Study reverses long-held ideas about relationship among diabetes, fat and cardiovascular disease

diabetes

A major risk factor for diabetes, insulin resistance occurs when the cells of the body do not respond to insulin and cannot make use of the glucose (sugar) in the blood stream. The condition is known to increase the risk of cardiovascular disease and atherosclerosis, a buildup of fats inside the blood vessels that can constrict blood flow to the body’s tissues. The exact mechanism by which insulin and the cells lining vascular walls act upon each other has been unknown.

In a paper published in Circulation Research, scientists at Joslin Diabetes Center describe a series of studies designed to determine the relationship among insulin, fats and the vascular system. The team, led by George King, MD, chief scientific officer and director of research at Joslin, identified a new pathway in which the cells lining the blood vessels—called endothelial cells—drive the body’s metabolism. In a reversal of scientific dogma, the findings suggest that vascular dysfunction may itself be the cause of undesirable metabolic changes that can lead to diabetes, not an effect as previously thought.

“In people with diabetes and insulin resistance, the idea has always been that white fat and inflammation causes dysfunction in the blood vessels, leading to the prevalence of heart disease, eye disease and kidney disease in this patient population,” said King, the Thomas J. Beatson, Jr. Professor of Medicine in the Field of Diabetes at Harvard Medical School. “But we found that blood vessels can have a major controlling effect here, and that was not known before.”

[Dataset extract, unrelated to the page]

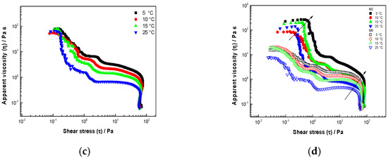 Viscous flow tests were carried out at a steady state, analyzing the variation of apparent viscosity (defined by the relationship between shear stress and shear rate) within a range of shear rates between 0.001 and 1000 s−1 at 5, 10, 15, and 25 °C. Small-amplitude oscillatory shear (SAOS) tests were performed to obtain viscoelastic responses. In this way, stress sweeps were carried out at a frequency of 1 Hz, applying an ascending series of stress values from 0.001 to 1000 Pa at 5 °C to determine the linear viscoelasticity interval. Frequency sweeps were performed to obtain the mechanical spectrum using a stress value within the linear viscoelastic range in a frequency range between 10−2 and 102 rad·s−1. The data recorded included the storage modulus (), which provided the elastic component; the loss modulus (), which was related to the viscous components of the material; and the loss tangent (Tan δ), which was the ratio and provided the ratio of elastic to the viscous response of the material under consideration.

In addition to being linked to blood vessel abnormalities, diabetes is also associated with an undesirable decrease in the body’s store of brown fat, also called brown adipose tissue. Unlike white fat which primarily stores energy, brown fat burns energy, maintains body temperature and regulates body weight and metabolism. In a series of experiments with a mouse model of diabetes, King and colleagues observed that mice engineered with enhanced sensitivity to insulin only in the blood vessels weighed less than control animals, even when fed a high-fat diet. It turned out, the extra insulin-sensitive mice had more brown fat than control animals; they also showed less damage to the blood vessels.

The team’s further investigation revealed that insulin signals endothelial cells in the blood vessels to produce nitrous oxide, which in turn triggers the production of brown fat cells. In the context of insulin resistance, endothelial cells produced less nitrous oxide—a decrease known to raise cardiovascular risk—leading to a drop in brown fat production. Because brown fat plays such an integral role in regulating the body’s weight and metabolism, smaller brown fat stores could be a risk factor for, not a symptom of, diabetes.

“What we found here is that the endothelial cells lining the blood vessels can have a major controlling effect on how much brown fat you develop,” said King. “Nitrous oxide comes from endothelial cells to regulate how much brown fat you make, and that finding is very exciting because in the past we thought diabetes causes cardiovascular problems, but that relationship appears to be reversed in this scenario.”

The study’s findings set the stage to use brown fat and the suite of hormones and inflammatory proteins it controls as biomarkers, or signs physicians can test for, for atherosclerosis or cardiovascular disease. Down the road, with future animal and clinical studies, this new information could open the door to an entirely new method of weight control by increasing brown fat tissues through improving endothelial nitrous oxide production.